Not satisfied with the Indian reply, China pushed the letter of Pakistan foreign minister Shah Mehmood Qureshi on Kashmir for closed-door informal consultations at the UN Security Council without any outcome, nonetheless, China’s ambassador to the UN, Zhang Jun told the media after the meeting that the members of the Security Council “expressed serious concerns” regarding the situation in Jammu and Kashmir, as well the situation of “human rights” there. He reiterated what Wang Yi had told Qureshi in Beijing that the issue must be resolved according to the “relevant Security Council resolutions, the UN Charter and bilateral agreements”, and that it is an internationally recognised dispute. He also said that the “unilateral actions” of India have “changed the status quo” and will aggravate the tensions. As rightly pointed out by Syed Akbaruddin, India’s Ambassador and Permanent Representative to the UNSC that the “two states” [China and Pakistan] have tried to pass off their own statements as the will of the international community.
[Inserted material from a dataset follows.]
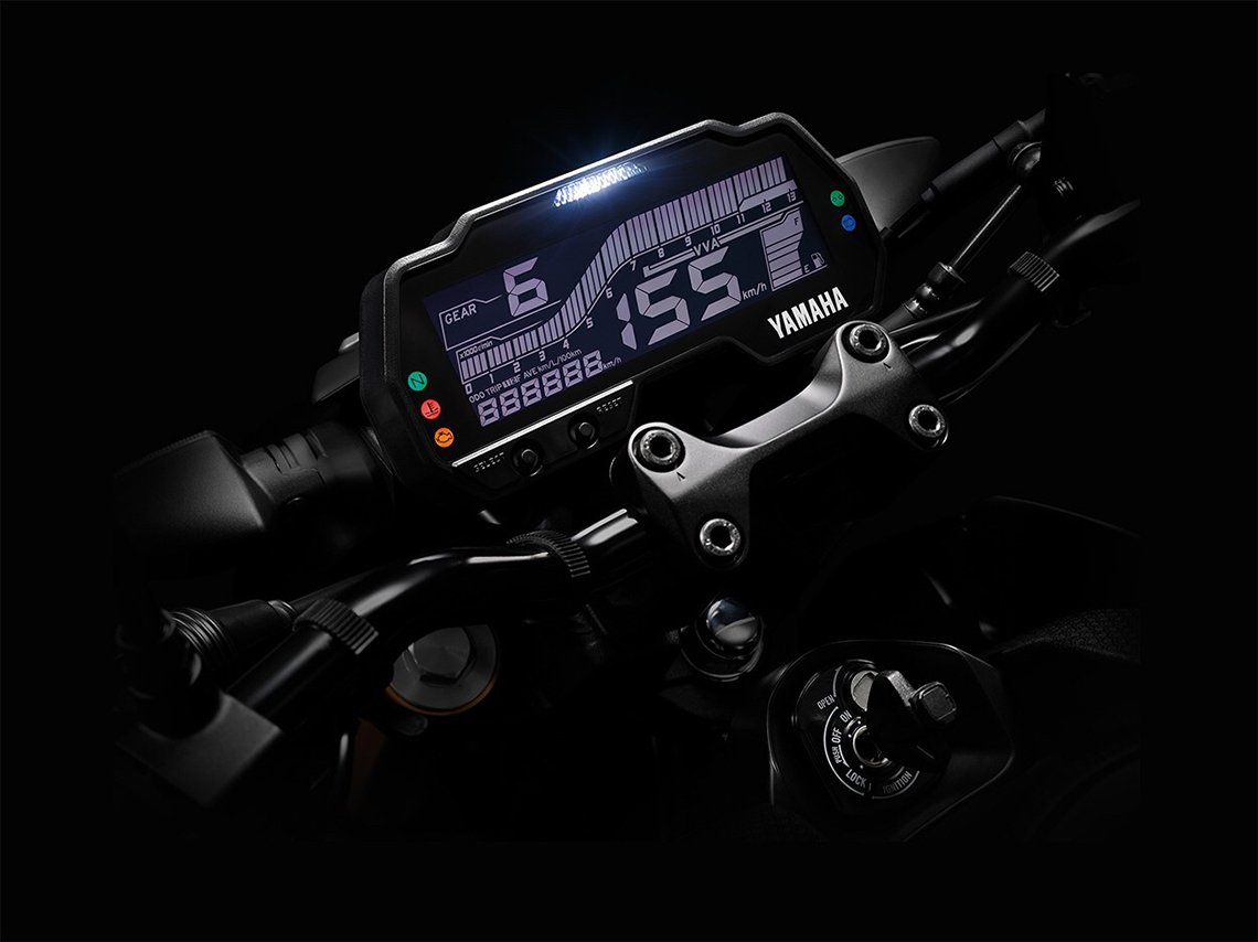 NEW YAMAHA MT-15 ยังโดดเด่นด้วยเอกลักษณ์ของสายดาร์คตัวจริง ซึ่งมาพร้อมกับฟีเจอร์ที่บ่งบอกเอกลักษณ์เฉพาะตัวตามสไตล์ MT-Series ดุดันด้วยไฟหน้าที่มาพร้อมเทคโนโลยีใหม่ MONO FOCUS LED สว่างชัดทุกระยะการขับขี่, หน้าปัด NEGATIVE LCD เด่นชัด มีสไตล์ด้วย MULTI-FUNCTION พร้อมตัวเลขบอกตำแหน่งเกียร์ ระบบไฟเตือนเปลี่ยนเกียร์ (Shift Light) และสัญลักษณ์บอกการทำงานของระบบ VVA, เบาะนั่ง FREESTYLE RIDING SEAT สนุกได้ไม่มียั้ง คล่องตัวในทุกองศาการขับขี่ และ MT IDENTITY นิยามแบบ MT-Series เอกลักษณ์ของสายดาร์คตัวจริง

It is obvious that China has all along exploited India-Pakistan hostilities to its advantage—be it in 1965, 1971, 1999, 2019 India-Pakistan conflicts or the recent abrogation of Article 370. The aim behind arming Pakistan to the teeth including providing it with nuclear technology is to pin India down to the subcontinent on the one hand and play the mediator by claiming the high “moral ground” on the other. It may continue to do so in future too, but China also knows that the space Article 370 had provided it in the UN and Kashmir, will not be there anymore. It is now India’s internal matter and if China tries to meddle in it, it must be watchful of India’s position on Tibet and Xinjiang.
Finally, in the words of Confucius, “Don’t do unto others what you don’t want done unto you.”
B.R. Deepak is Professor of Chinese Studies at Jawaharlal Nehru University, New Delhi.